Concatenating Triangle Strips
by Marc Reilly

Just thought I'd write a quick tute about some stuff that I wish I'd known about before I knew it.

Why concatenate?

Basically, concatenating triangle strips helps improve batching, and in the case of indexed primitives, there are fewer wasted transformations.

More Details

DirectX's DrawIndexedPrimitive function goes something like this:

HRESULT	 DrawIndexedPrimitive(	
             D3DPRIMITIVETYPE T,	
             UINT MinIndex, UINT NumVertices,
             UINT StartIndex, UINT PrimitiveCount);

As some of you may already know, when a call is made to draw an indexed primitive(s), the entire range of vertices specified by MinIndex and NumVertices is transformed each call.


Lets say we have a vertex buffer (VB) that has 500 elements, and we want to draw two triangles.

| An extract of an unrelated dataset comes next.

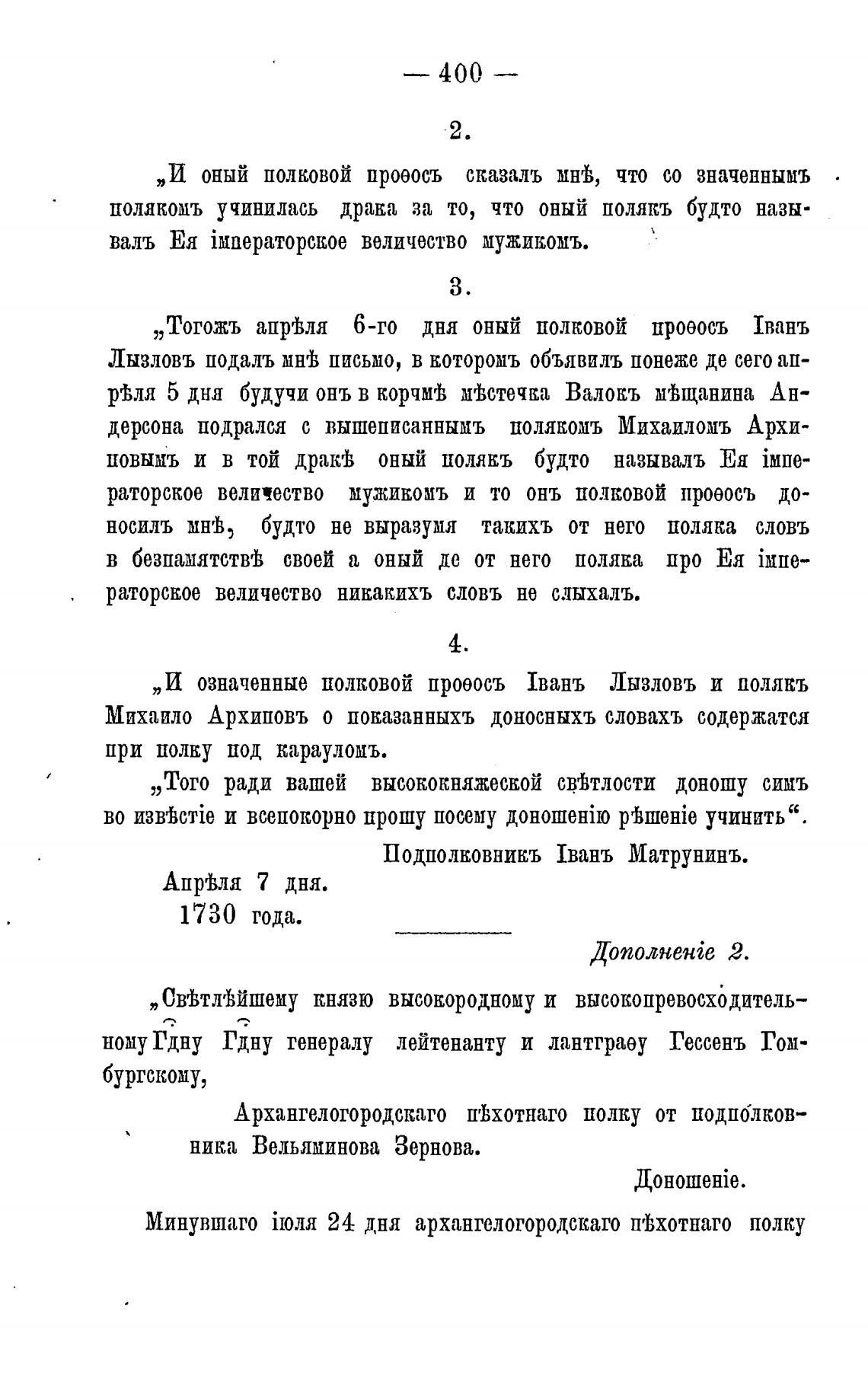 „Тогожъ апргвля 6-го дня оный полковой проеосъ 1ванъ

The first has indices 3, 100 and 456 and the second has indices 10, 300 and 375.

If we were to draw the triangles with two separate calls to DIP the first call would transform the 4th vertex all the way up to the 457th vertex. The second call would transform the 11th vertex up to the 376th vertex. The second 365 transformations are thus performed twice.

Now, I haven't exactly picked the roundest numbers for us to work with, but it should be obvious that there are many more transformation going on than is necessary.

The solution for this case is easy: draw both triangles in the one call, i.e. fill the index buffer with 3, 100, 456, 11, 300, 375 and call DIP for 2 primitives.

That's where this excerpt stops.